Началось все с платьев и маминых туфель. Вера и Надя переодевались и переобувались, выглядели – как бы это сказать? – экстравагантно. И явно получали от своей экстравагантности удовольствие.
– Папа, посмотри! – кричала Вера, вламываясь на кухню или ко мне в кабинет завернутая в штору.
– Папа, посмотри! – вторила Надя, прибегая следом в платье, которое сняла Вера, чтобы завернуться в штору.
Им важно было не просто переодеться. Им важно было показать мне, как они переодеваются.

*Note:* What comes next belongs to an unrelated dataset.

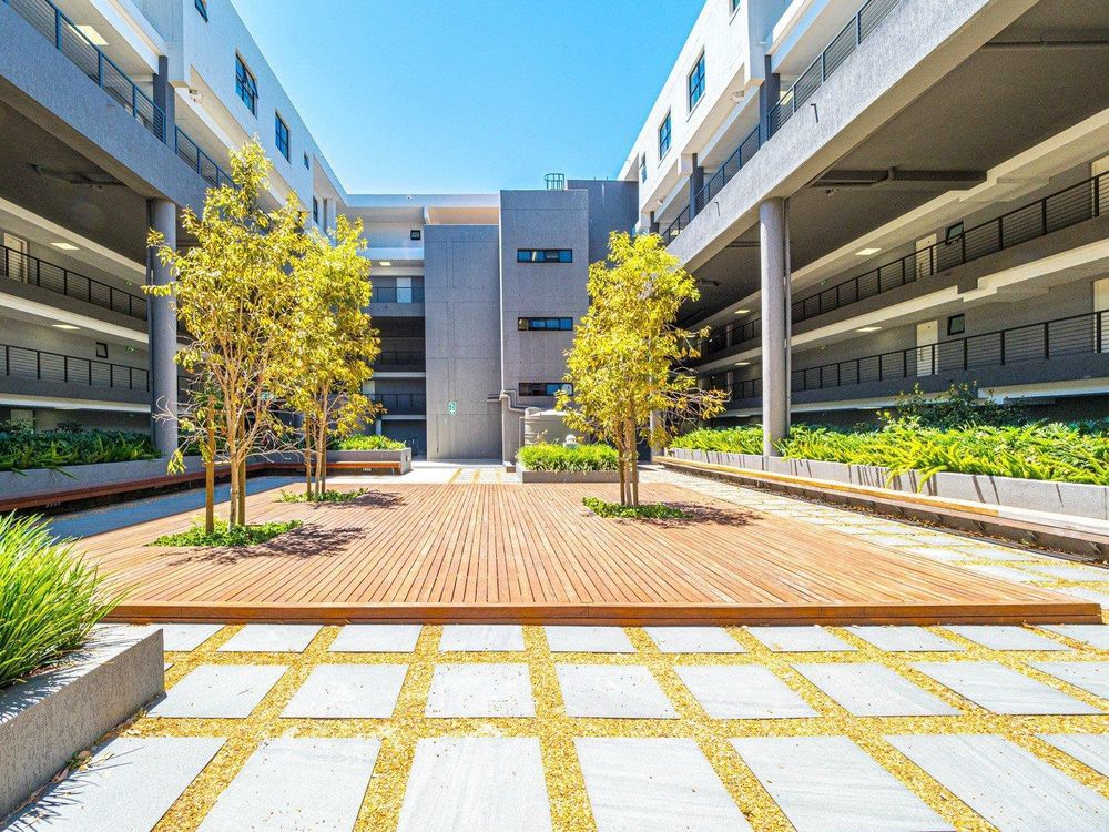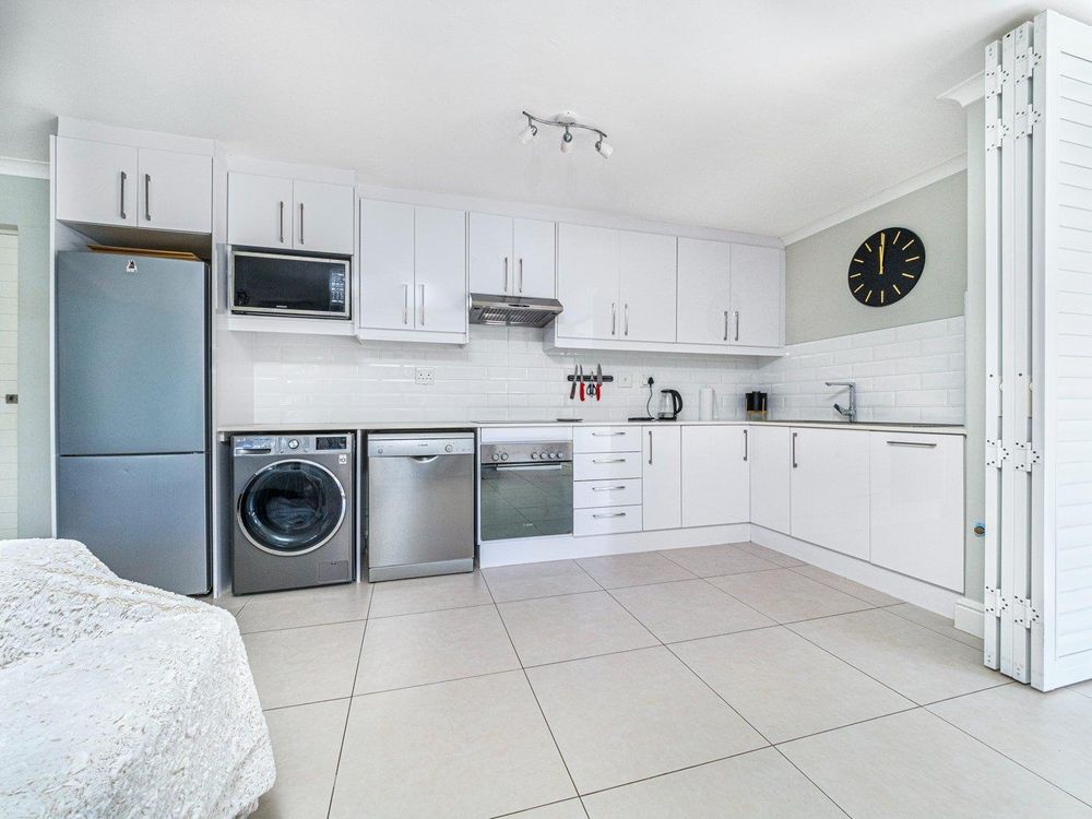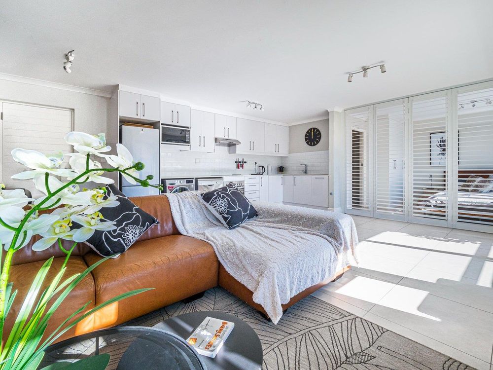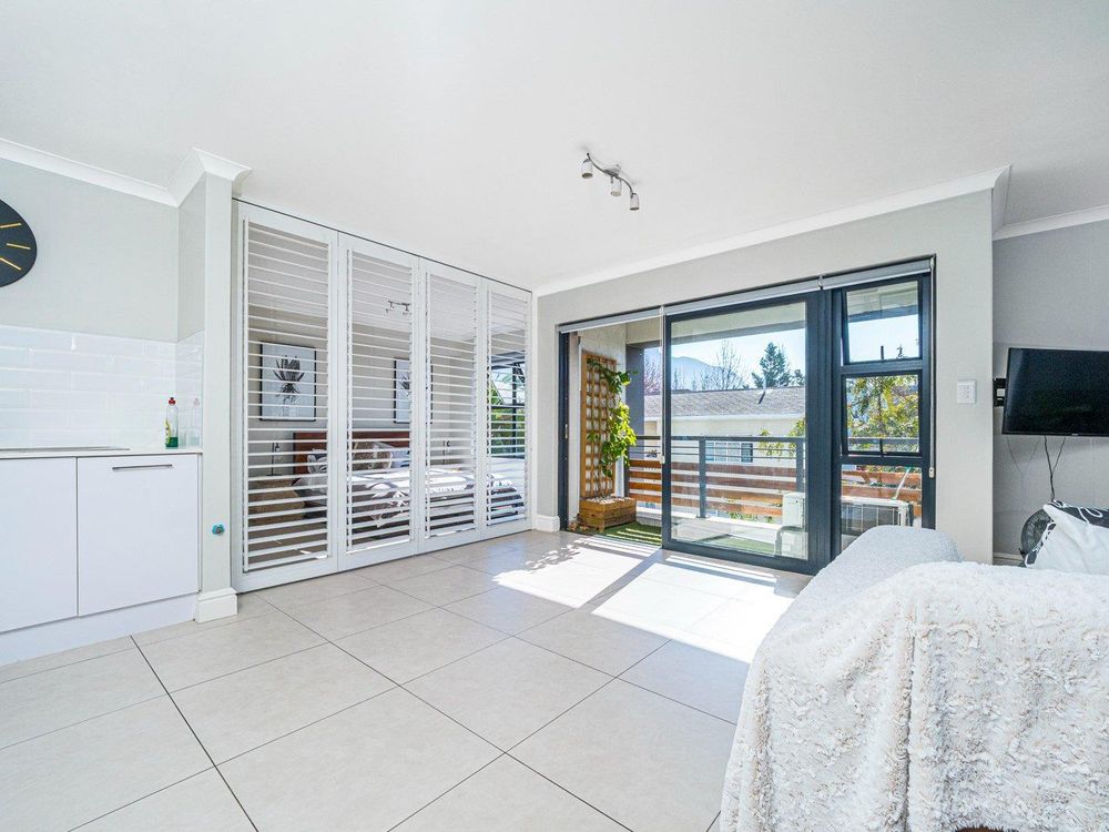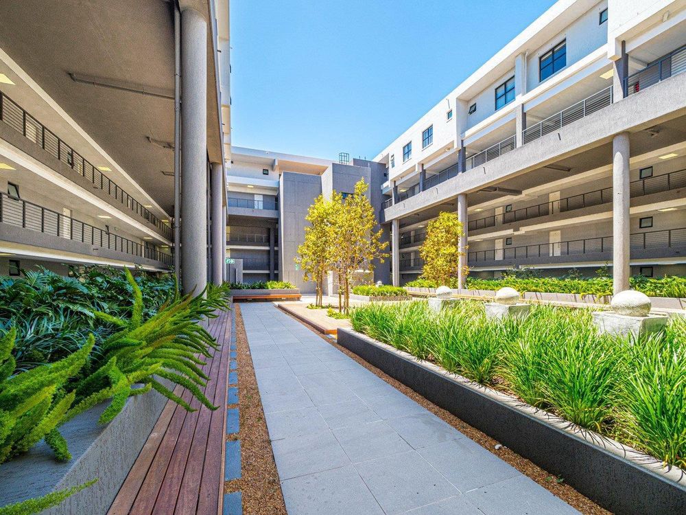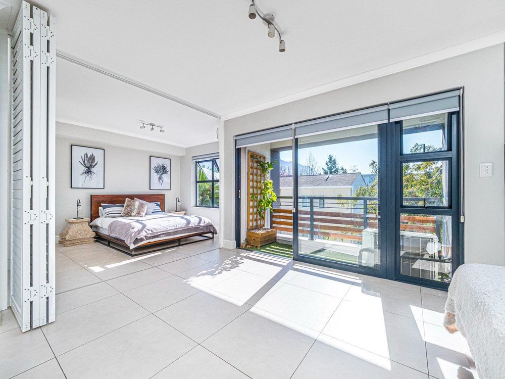 This modern and bright apartment is located in the peaceful suburbs of Kenilworth Upper. The balcony, facing north, provides breathtaking views of Table Mountain and fills the apartment with natural light all day long. The well-designed open-plan kitchen offers ample countertop and cupboard space, and is equipped with plumbing for two appliances, as well as a built-in oven and stove.

Потом в ход пошли всякие экстравагантные предметы. Вера приходила ко мне в трусах и в лыжах на босу ногу. Надя приходила с миской на голове (она ведь не читала «Дон Кихота», не может же ничего знать про бритвенный тазик). Вера приходила в велосипедном шлеме. Надя приходила одетая в продуктовый пакет. Весь этот маскарад устраивался для меня. Если бы у маскарада не было зрителей, было бы неинтересно.
Еще однажды Вере и Наде подарили два украинских венка с лентами. Погодки настояли на том, что в этих венках надо обязательно пойти в детский сад. Потому что у маскарада должны быть зрители. Без зрителей – скукота даже эти прекрасные венки.
Потом девочкам моим надоело меняться только внешне и они принялись меняться сущностно.
Вера, давно намекавшая на то, что она не Вера никакая, а единорог Звездочка, заставила взрослых изготовить ей рог из листа бумаги и ходила повсюду с этим рогом на лбу.
Пыталась даже пойти с рогом на лбу на спортивные занятия, но я отговорил ее. Сказал, что рог для единорога – это оружие, что единоборство, которым Вера занимается – это бразильское джиу-джитсу, что джиу-джитсу оружия не предполагает, следовательно рог – против правил. Вера обиделась, но согласилась.
А Надя долго не могла решить, кто она. Концепции менялись и иногда даже наслаивались одна на другую. Вот, например, мама кормила Надю кашей, а Надя вдруг останавливала ложку и говорила:
– Я собачка-лошадка.
Ну, чтобы мама не думала, будто кормит кашей девочку, а отдавала себе отчет, что кормит собачку-лошадку. Дальше кормление возобновлялось как ни в чем не бывало. Оказывается, девочек и собачек-лошадок кашей кормят совершенно одинаково.
Наконец, Надя определилась: она теперь котик. Это ничего не меняет практически. Котиков кормят кашей, одевают, водят на прогулку и моют в ванне точно так же, как девочек или собачек-лошадок. Надо просто отдавать себе отчет в том, что именно котика ведешь за руку в детский сад, котика целуешь и даже если журишь за баловство, то котика.
То же самое с единорогом. Вот мы идем с Верой в спортивный клуб, Вера еле волочит ноги, и я говорю:
– Веруш, давай поскорее. Опоздаем же.
Вера (ноги совсем заплетаются) отвечает:
– Я не Вела, я единолог Звездочка.
– Хорошо, единорог Звездочка, не можешь ли ты побыстрее шевелить копытами, потому что иначе тренер Алексей расстроится, что его самый любимый в группе единорог опаздывает на разминку.
И это работает. В качестве единорога Вера шевелит копытами, бежит к спортивному клубу вприпрыжку.
А я иду следом и не могу вспомнить: как это, зачем это? Зачем-то же и я в детстве играл в котиков, песиков и крошечных енотов. Зачем-то и я терпеливо разъяснял маме, какой именно я теперь персонаж. Я точно помню, что эта игра предназначалась именно маме.
Я много раз обращал внимание на то, что в котика и единорога Вера и Надя играют всегда только для родителей и никогда не играют между собой.
Теперь довольно часто бывает, что они играют в комнате вдвоем, подолгу. Я несколько раз подкрадывался и слушал их разговоры. Наедине друг с другом они никогда не называют друг друга единорогом и котиком. Только Вера и Надя.
Эти метаморфозы, эта игра в зверей придумывается для взрослых, для нас с мамой. Это мне послание какое-то, а единорог и котик – почтальоны. А я вот иду дурак дураком вслед за бегущим единорогом к спортивному клубу и не понимаю – какова моя роль в этой игре, придуманной для меня.